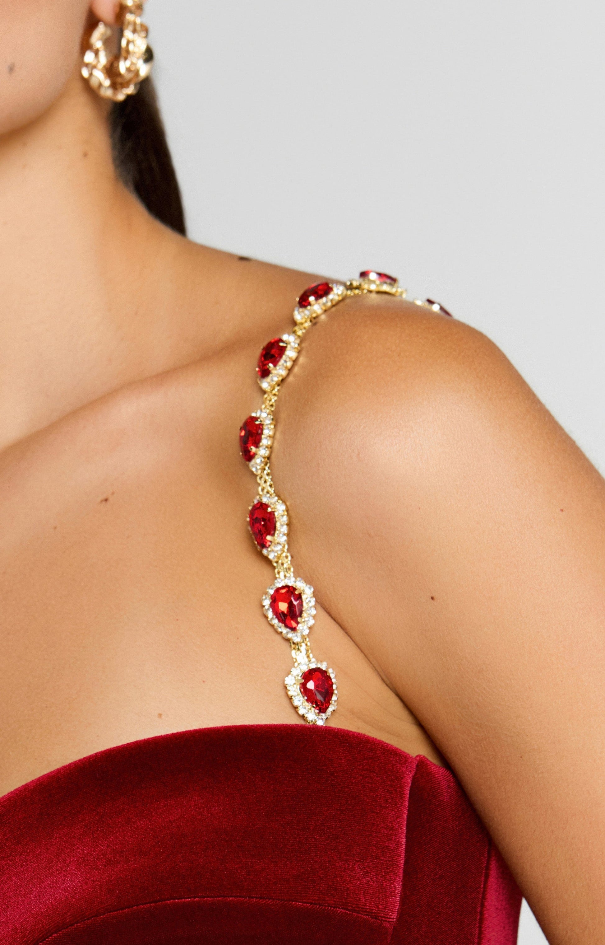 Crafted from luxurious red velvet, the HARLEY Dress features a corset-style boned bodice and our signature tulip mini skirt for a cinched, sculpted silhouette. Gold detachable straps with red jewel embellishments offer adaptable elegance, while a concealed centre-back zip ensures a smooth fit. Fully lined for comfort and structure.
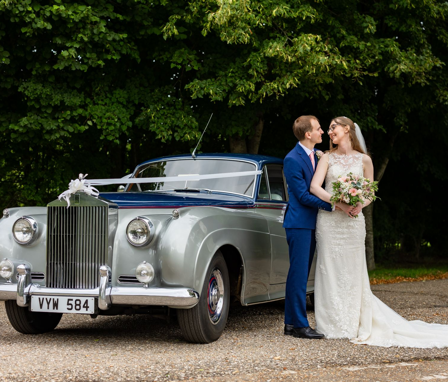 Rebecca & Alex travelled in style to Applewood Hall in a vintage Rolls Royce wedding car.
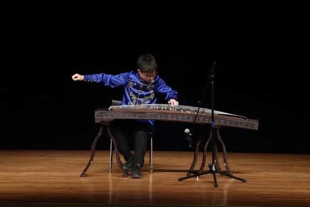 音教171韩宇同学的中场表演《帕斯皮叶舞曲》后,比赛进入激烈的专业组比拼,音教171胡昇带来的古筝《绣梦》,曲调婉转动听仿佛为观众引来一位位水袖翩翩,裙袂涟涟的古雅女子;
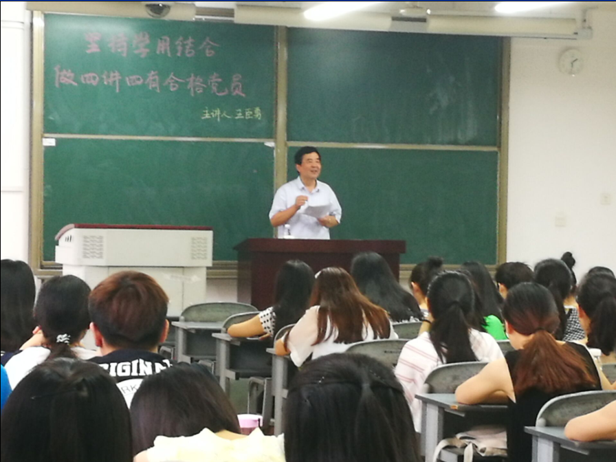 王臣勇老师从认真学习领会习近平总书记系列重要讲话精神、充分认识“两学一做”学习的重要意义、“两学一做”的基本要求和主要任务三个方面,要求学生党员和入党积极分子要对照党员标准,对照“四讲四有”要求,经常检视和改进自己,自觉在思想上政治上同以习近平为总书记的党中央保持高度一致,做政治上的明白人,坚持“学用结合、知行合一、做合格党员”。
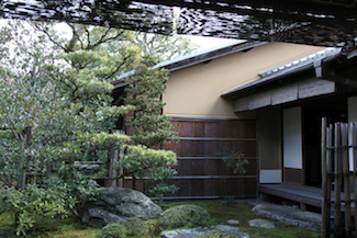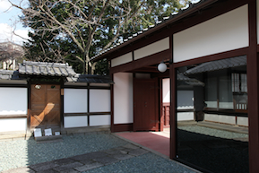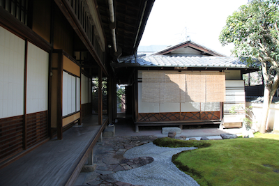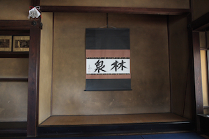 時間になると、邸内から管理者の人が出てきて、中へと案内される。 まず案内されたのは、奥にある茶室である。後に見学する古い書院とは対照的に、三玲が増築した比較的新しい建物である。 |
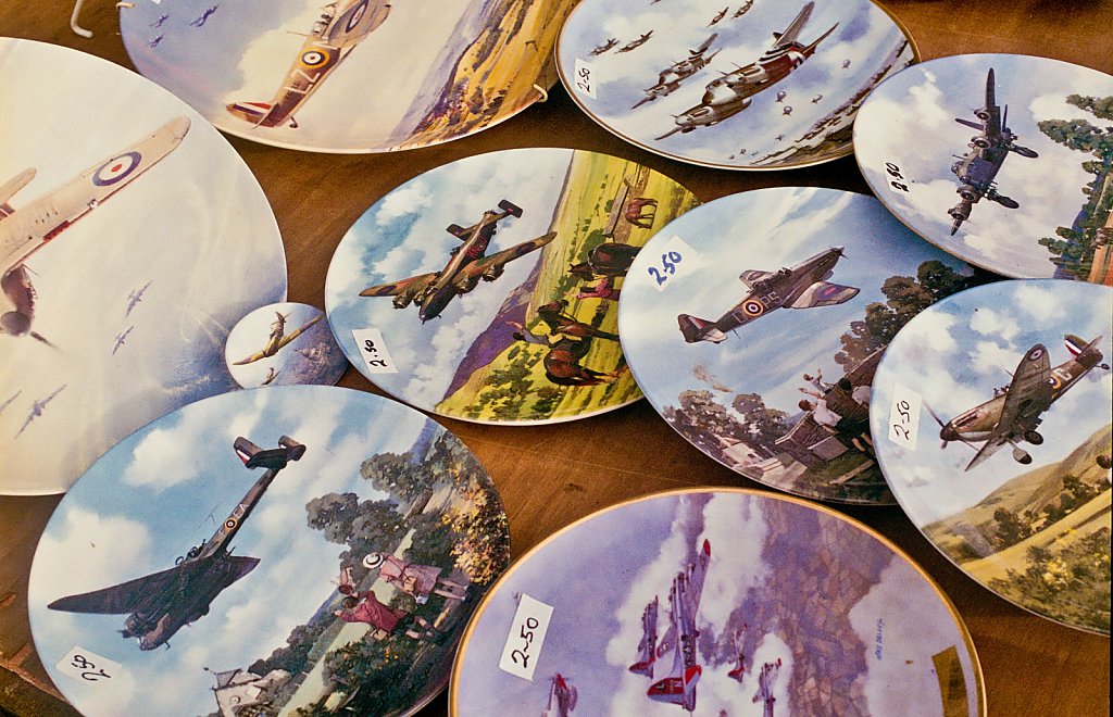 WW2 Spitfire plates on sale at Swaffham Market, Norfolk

####

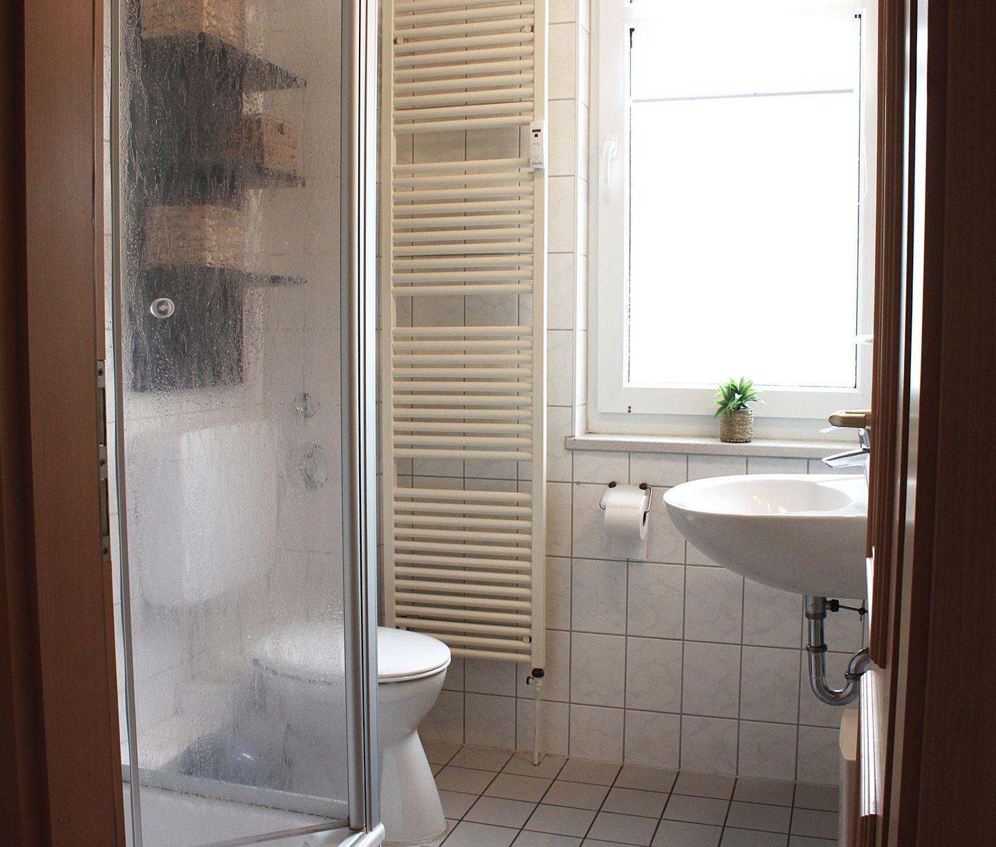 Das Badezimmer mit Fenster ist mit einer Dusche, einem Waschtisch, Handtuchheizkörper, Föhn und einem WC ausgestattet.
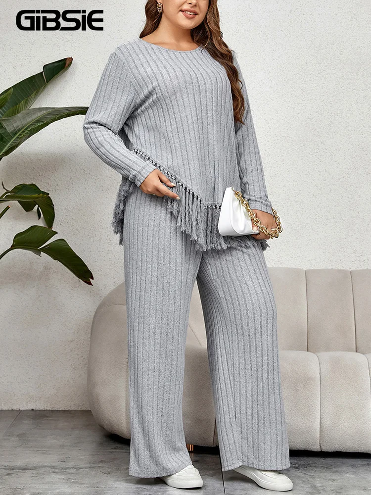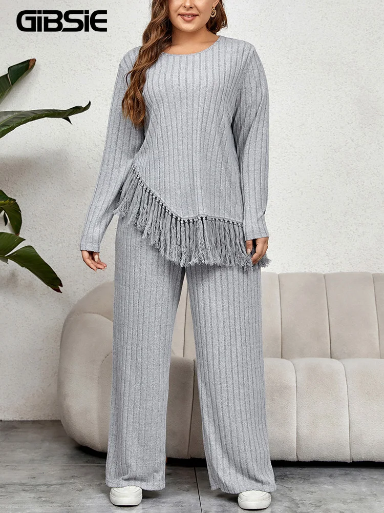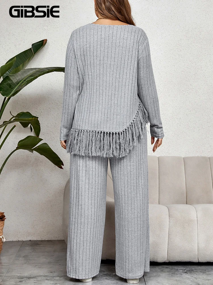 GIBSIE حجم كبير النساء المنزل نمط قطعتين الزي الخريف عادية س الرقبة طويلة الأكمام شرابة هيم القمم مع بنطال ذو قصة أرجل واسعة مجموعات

####

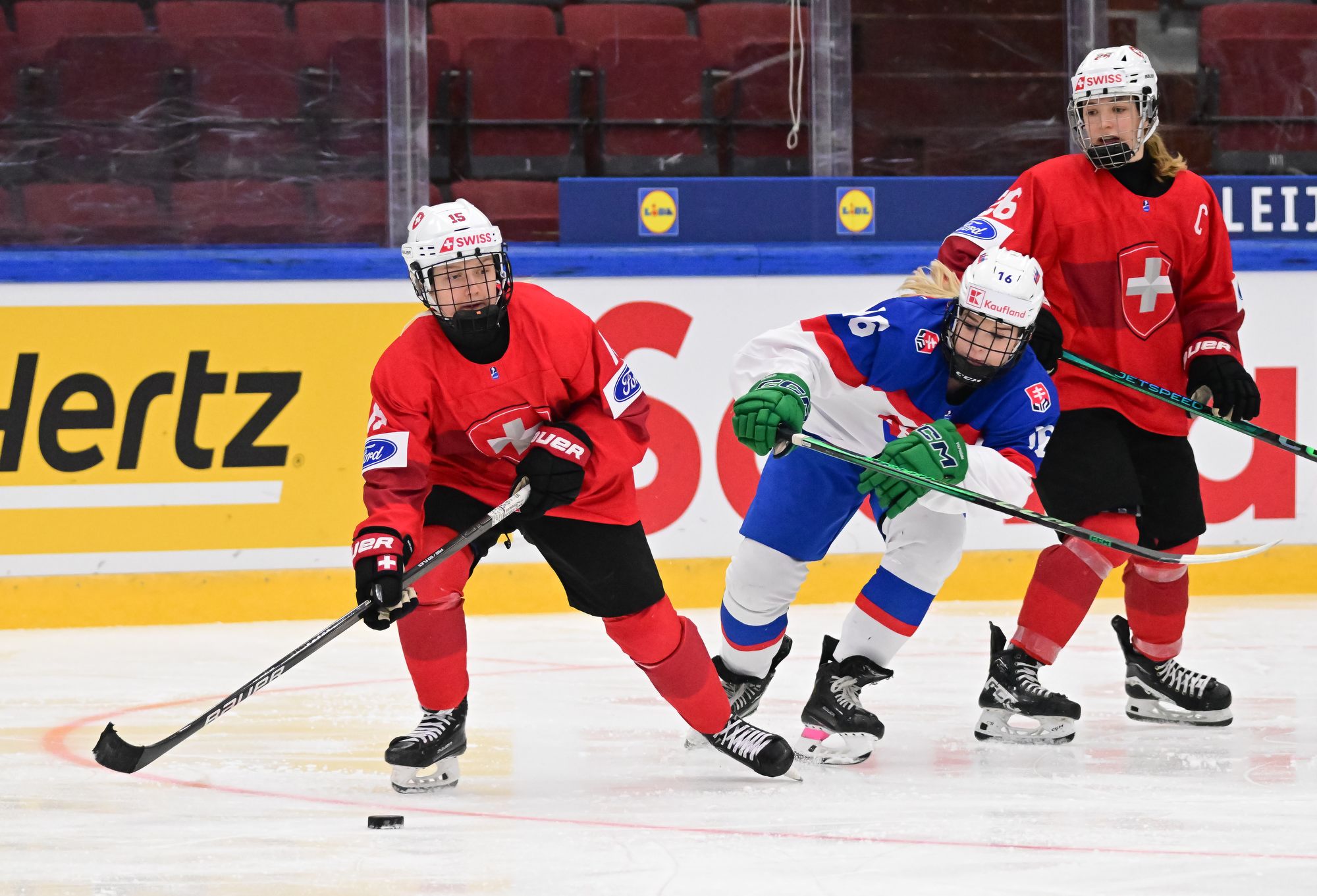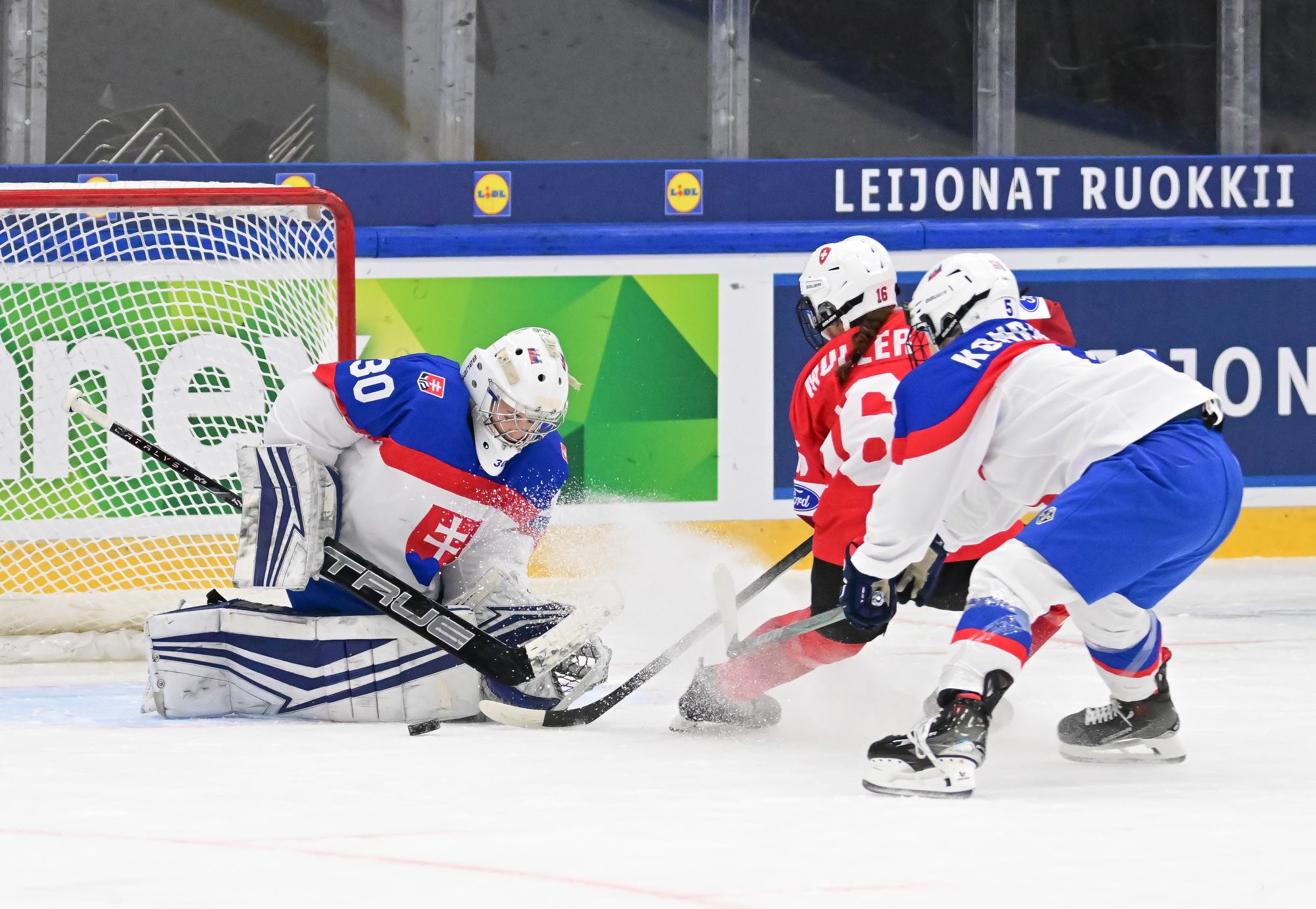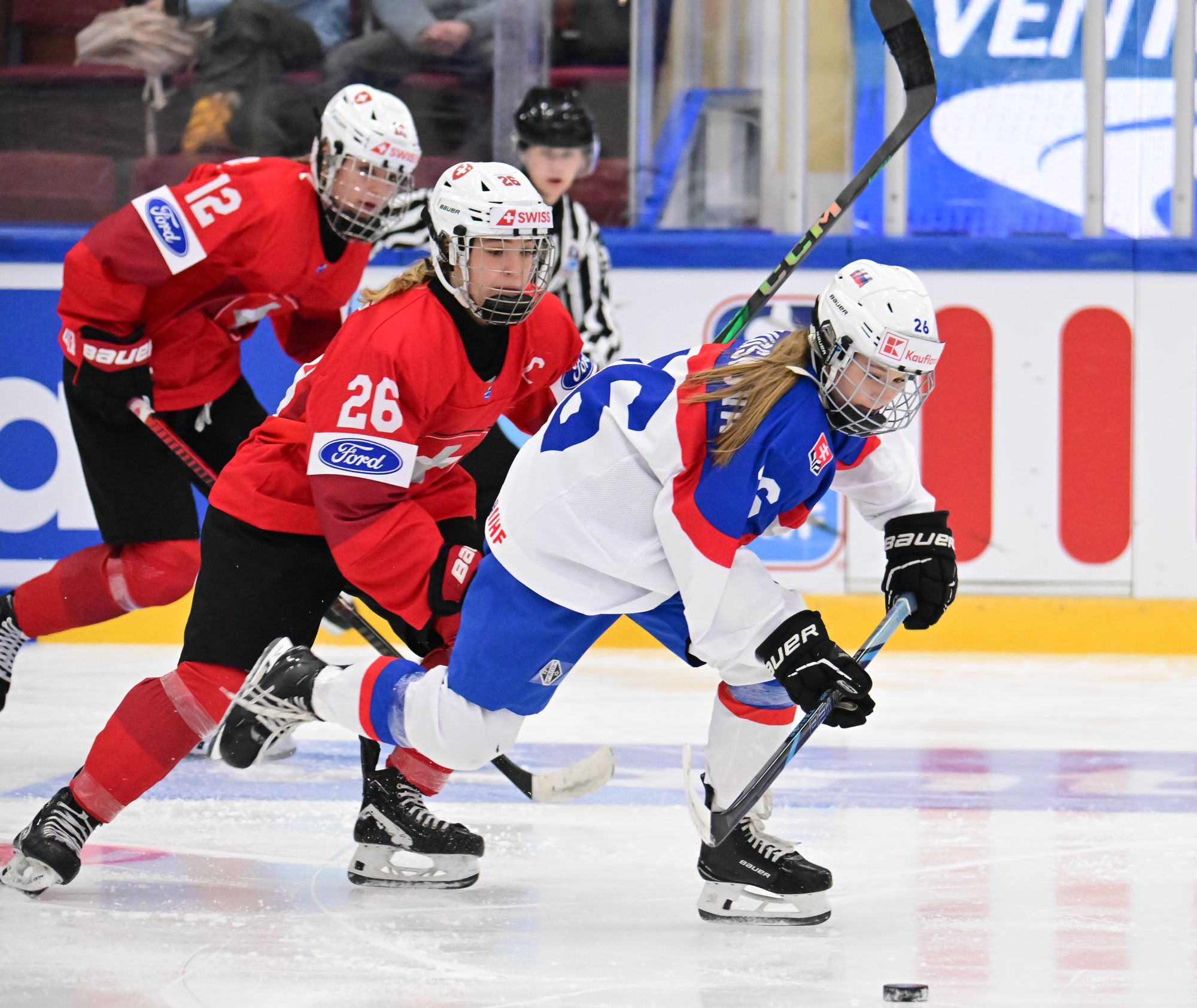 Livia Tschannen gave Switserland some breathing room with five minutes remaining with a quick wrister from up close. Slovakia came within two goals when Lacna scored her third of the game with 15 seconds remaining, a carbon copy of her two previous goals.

####

## ASSIGNMENT
Output only the lines above from the line that holds "王臣勇老师从认真学习领会习近" through the line that holds "WW2 Spitfire plates", both ends included, and exclude pictures.

## ANSWER BOX
 王臣勇老师从认真学习领会习近平总书记系列重要讲话精神、充分认识“两学一做”学习的重要意义、“两学一做”的基本要求和主要任务三个方面,要求学生党员和入党积极分子要对照党员标准,对照“四讲四有”要求,经常检视和改进自己,自觉在思想上政治上同以习近平为总书记的党中央保持高度一致,做政治上的明白人,坚持“学用结合、知行合一、做合格党员”。
 時間になると、邸内から管理者の人が出てきて、中へと案内される。 まず案内されたのは、奥にある茶室である。後に見学する古い書院とは対照的に、三玲が増築した比較的新しい建物である。 |
 WW2 Spitfire plates on sale at Swaffham Market, Norfolk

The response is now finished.